Patchwork hgweb: build the "entries" list directly in filelog command

login
register
mail settings
Submitter Denis Laxalde
Date Jan. 13, 2017, 3:31 p.m.
Message ID <ad41cc2eb799156b0de2.1484321478@sh77.tls.logilab.fr>
Download mbox | patch
Permalink /patch/18208/
State Accepted
Headers show

Comments

Denis Laxalde - Jan. 13, 2017, 3:31 p.m.
# HG changeset patch
# User Denis Laxalde <denis.laxalde@logilab.fr>
# Date 1484299345 -3600
#      Fri Jan 13 10:22:25 2017 +0100
# Node ID ad41cc2eb799156b0de2dd71adeed88ec42a98d9
# Parent  e882c7bb5a0ba2589a44108c9a87b300a13e08df
hgweb: build the "entries" list directly in filelog command

There's no apparent reason to have this "entries" generator function that
builds a list and then yields its elements in reverse order and which is only
called to build the "entries" list. So just build the list directly, in
reverse order.

Adjust "parity" generator's offset to keep rendering the same.
Pierre-Yves David - Jan. 13, 2017, 4:08 p.m.
On 01/13/2017 04:31 PM, Denis Laxalde wrote:
> # HG changeset patch
> # User Denis Laxalde <denis.laxalde@logilab.fr>
> # Date 1484299345 -3600
> #      Fri Jan 13 10:22:25 2017 +0100
> # Node ID ad41cc2eb799156b0de2dd71adeed88ec42a98d9
> # Parent  e882c7bb5a0ba2589a44108c9a87b300a13e08df
> hgweb: build the "entries" list directly in filelog command
>
> There's no apparent reason to have this "entries" generator function that
> builds a list and then yields its elements in reverse order and which is only
> called to build the "entries" list. So just build the list directly, in
> reverse order.

revlog are usually read from 0 to max for performance reason (data in 
N+1 might rely on data on N and last access might be cached).
This might explain why the list was build in one direction and then 
reversed.
Can you double check if such mechanism is in play in this case?

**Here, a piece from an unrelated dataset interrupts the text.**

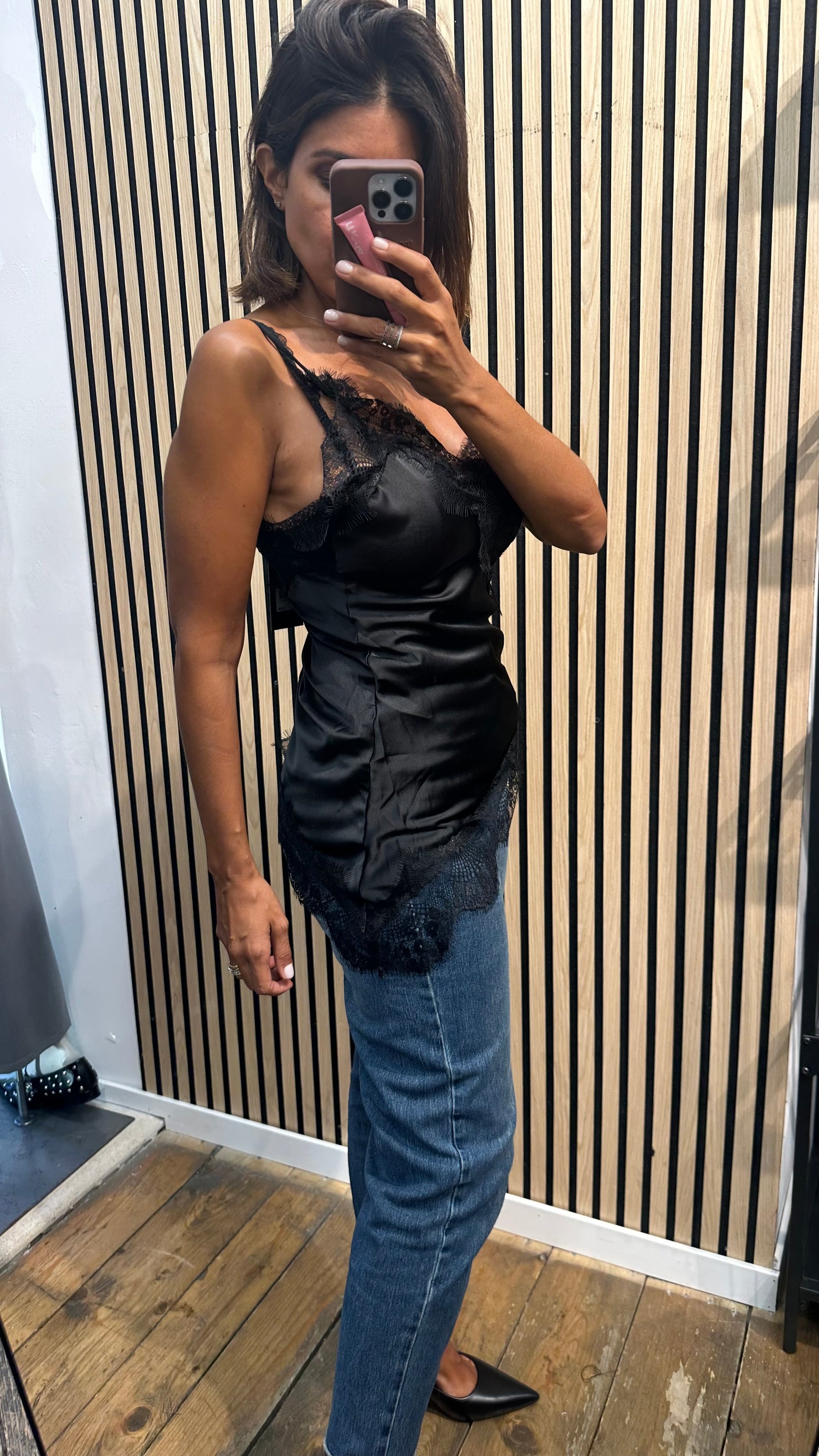 Top sbiego con inserti in pizzo

(I fully support the removal of the closure)

> Adjust "parity" generator's offset to keep rendering the same.
>
> diff --git a/mercurial/hgweb/webcommands.py b/mercurial/hgweb/webcommands.py
> --- a/mercurial/hgweb/webcommands.py
> +++ b/mercurial/hgweb/webcommands.py
> @@ -974,26 +974,20 @@ def filelog(web, req, tmpl):
>      count = fctx.filerev() + 1
>      start = max(0, fctx.filerev() - revcount + 1) # first rev on this page
>      end = min(count, start + revcount) # last rev on this page
> -    parity = paritygen(web.stripecount, offset=start - end)
> -
> -    def entries():
> -        l = []
> -
> -        repo = web.repo
> -        revs = fctx.filelog().revs(start, end - 1)
> -        for i in revs:
> -            iterfctx = fctx.filectx(i)
> +    parity = paritygen(web.stripecount, offset=start - end + 1)
>
> -            l.append(dict(
> -                parity=next(parity),
> -                filerev=i,
> -                file=f,
> -                rename=webutil.renamelink(iterfctx),
> -                **webutil.commonentry(repo, iterfctx)))
> -        for e in reversed(l):
> -            yield e
> +    repo = web.repo
> +    revs = fctx.filelog().revs(start, end - 1)
> +    entries = []
> +    for i in reversed(revs):
> +        iterfctx = fctx.filectx(i)
> +        entries.append(dict(
> +            parity=next(parity),
> +            filerev=i,
> +            file=f,
> +            rename=webutil.renamelink(iterfctx),
> +            **webutil.commonentry(repo, iterfctx)))
>
> -    entries = list(entries())
>      latestentry = entries[:1]
>
>      revnav = webutil.filerevnav(web.repo, fctx.path())
> _______________________________________________
> Mercurial-devel mailing list
> Mercurial-devel@mercurial-scm.org
> https://www.mercurial-scm.org/mailman/listinfo/mercurial-devel
>
Gregory Szorc - Jan. 14, 2017, 5:14 a.m.
On Fri, Jan 13, 2017 at 8:08 AM, Pierre-Yves David <
pierre-yves.david@ens-lyon.org> wrote:

>
>
> On 01/13/2017 04:31 PM, Denis Laxalde wrote:
>
>> # HG changeset patch
>> # User Denis Laxalde <denis.laxalde@logilab.fr>
>> # Date 1484299345 -3600
>> #      Fri Jan 13 10:22:25 2017 +0100
>> # Node ID ad41cc2eb799156b0de2dd71adeed88ec42a98d9
>> # Parent  e882c7bb5a0ba2589a44108c9a87b300a13e08df
>> hgweb: build the "entries" list directly in filelog command
>>
>> There's no apparent reason to have this "entries" generator function that
>> builds a list and then yields its elements in reverse order and which is
>> only
>> called to build the "entries" list. So just build the list directly, in
>> reverse order.
>>
>
> revlog are usually read from 0 to max for performance reason (data in N+1
> might rely on data on N and last access might be cached).
> This might explain why the list was build in one direction and then
> reversed.
> Can you double check if such mechanism is in play in this case?
>
>
Your observation about desiring to iterate revlogs from 0 to max is spot on
and this patch would normally be wrong. However, in this code `start > end`
(as can be seen in the context just above the first changed line), so we're
already iterating in the suboptimal direction. This patch actually fixes
that by throwing in a reversed() of a descending fctx.filelog().revs()!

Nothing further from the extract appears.